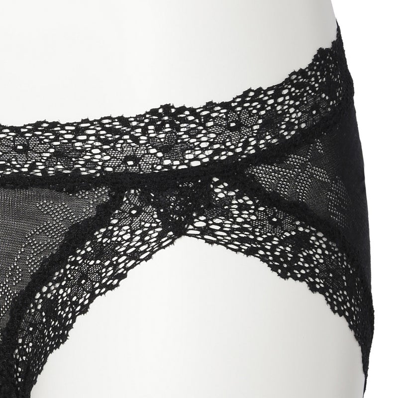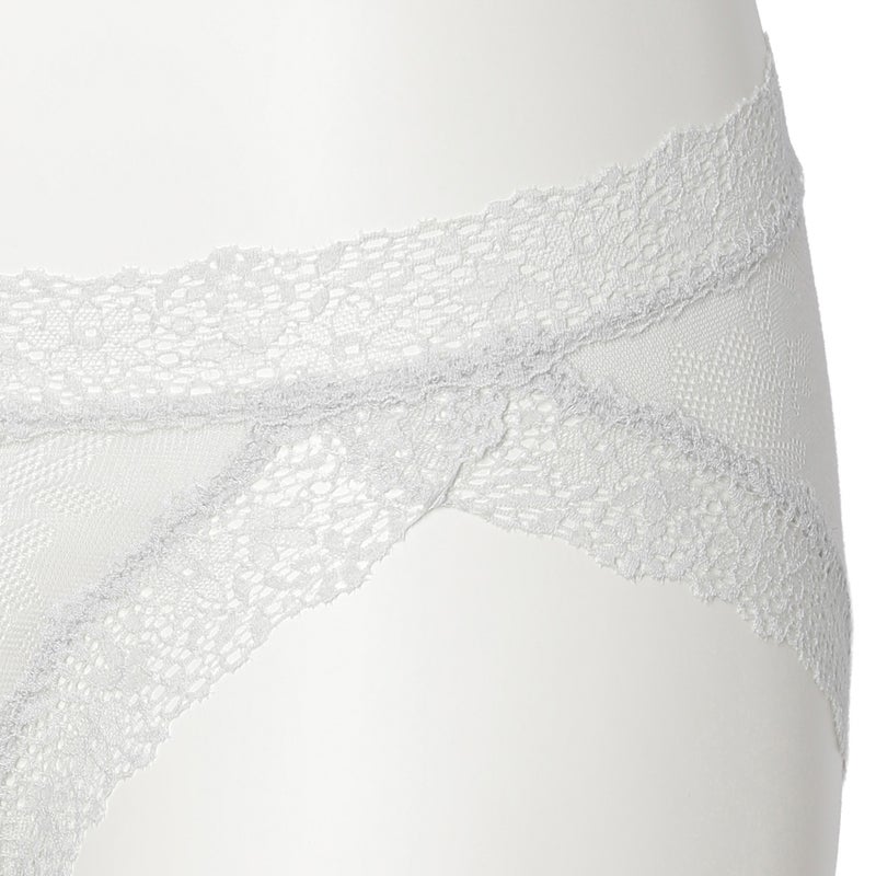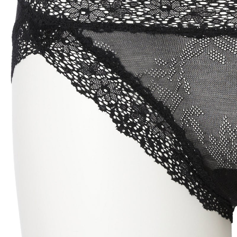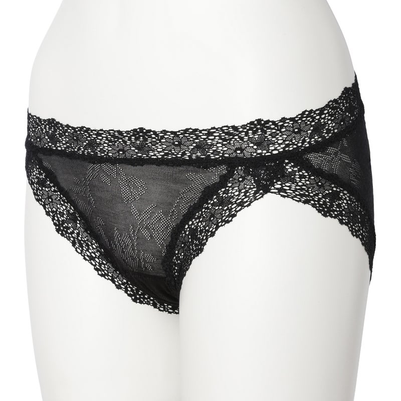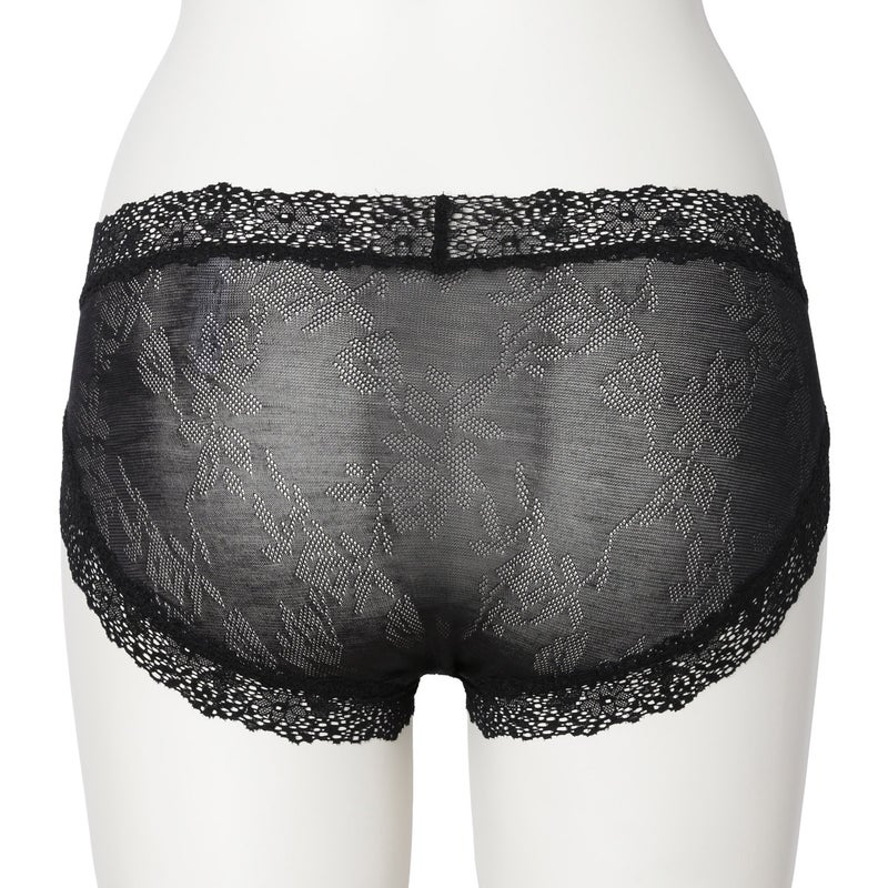 やや太幅の同色花柄レースが華やかなノーマルショーツ。薄くてソフト、べたつきにくい。レースの透け感が軽やか。ゴムを使わずレースのストレッチを活かしているため心地よくフィットします。
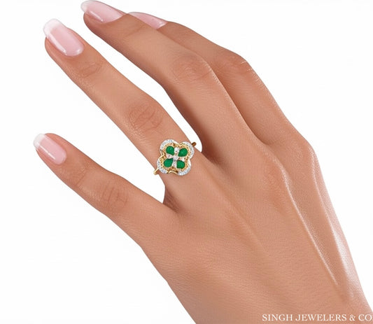 14K Gold Diamond & Emerald Clover Ring – 5/8 CTW
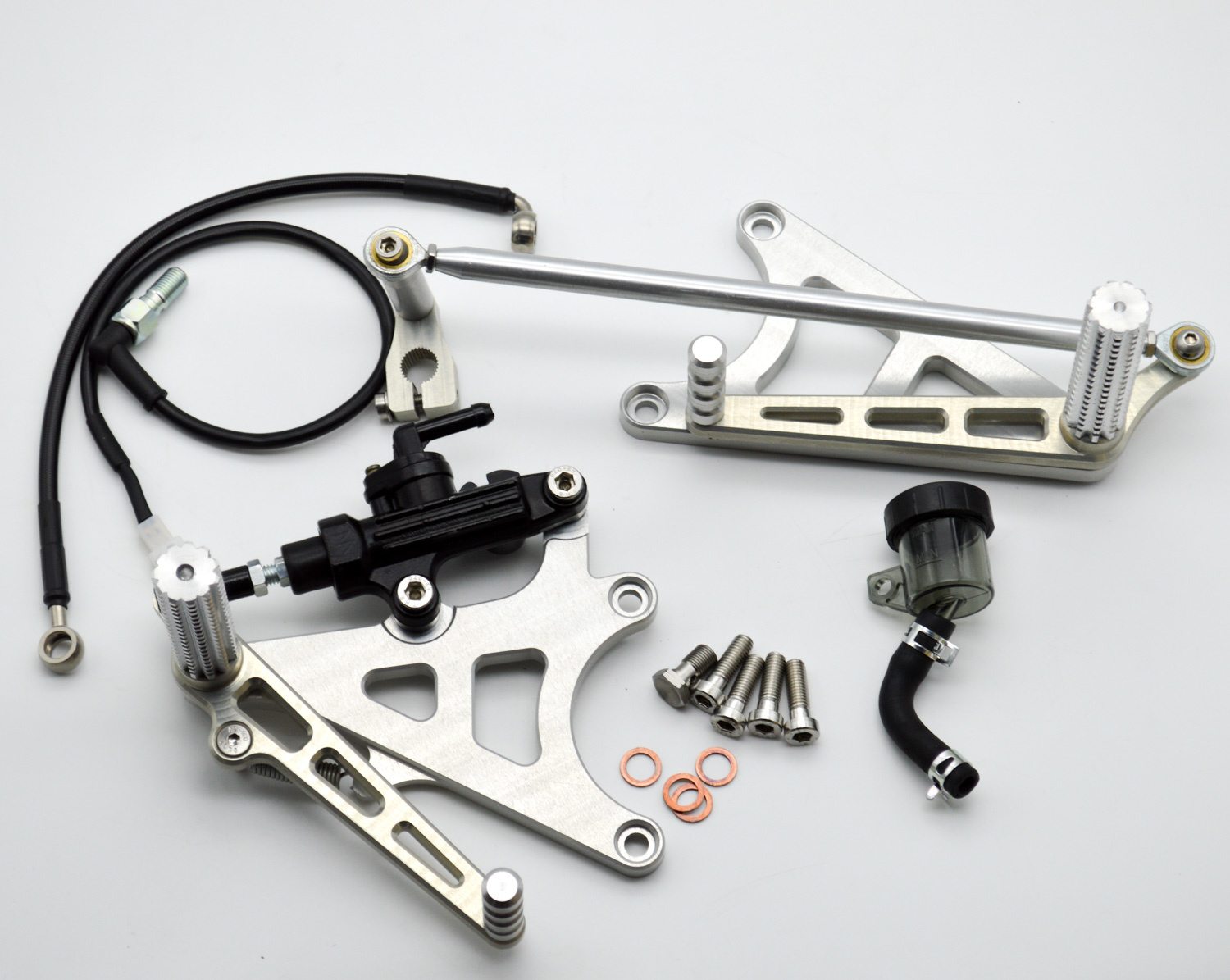 Komplettes Fußrastenset für die BMW K100. Dieses Set enthält alle benötigten Teile: Schalthebel, Fußrasten, Halterungen und sogar eine Bremspumpe! Plug & Play! Die Qualität ist hervorragend und die Optik exzellent. Ein Muss für Ihr BMW K-Projekt.

## WHAT THE TASK REQUIRES
All of the data above needs to be retyped exactly, with the pictures removed.

## TASK ANSWER
 やや太幅の同色花柄レースが華やかなノーマルショーツ。薄くてソフト、べたつきにくい。レースの透け感が軽やか。ゴムを使わずレースのストレッチを活かしているため心地よくフィットします。
 14K Gold Diamond & Emerald Clover Ring – 5/8 CTW
 Komplettes Fußrastenset für die BMW K100. Dieses Set enthält alle benötigten Teile: Schalthebel, Fußrasten, Halterungen und sogar eine Bremspumpe! Plug & Play! Die Qualität ist hervorragend und die Optik exzellent. Ein Muss für Ihr BMW K-Projekt.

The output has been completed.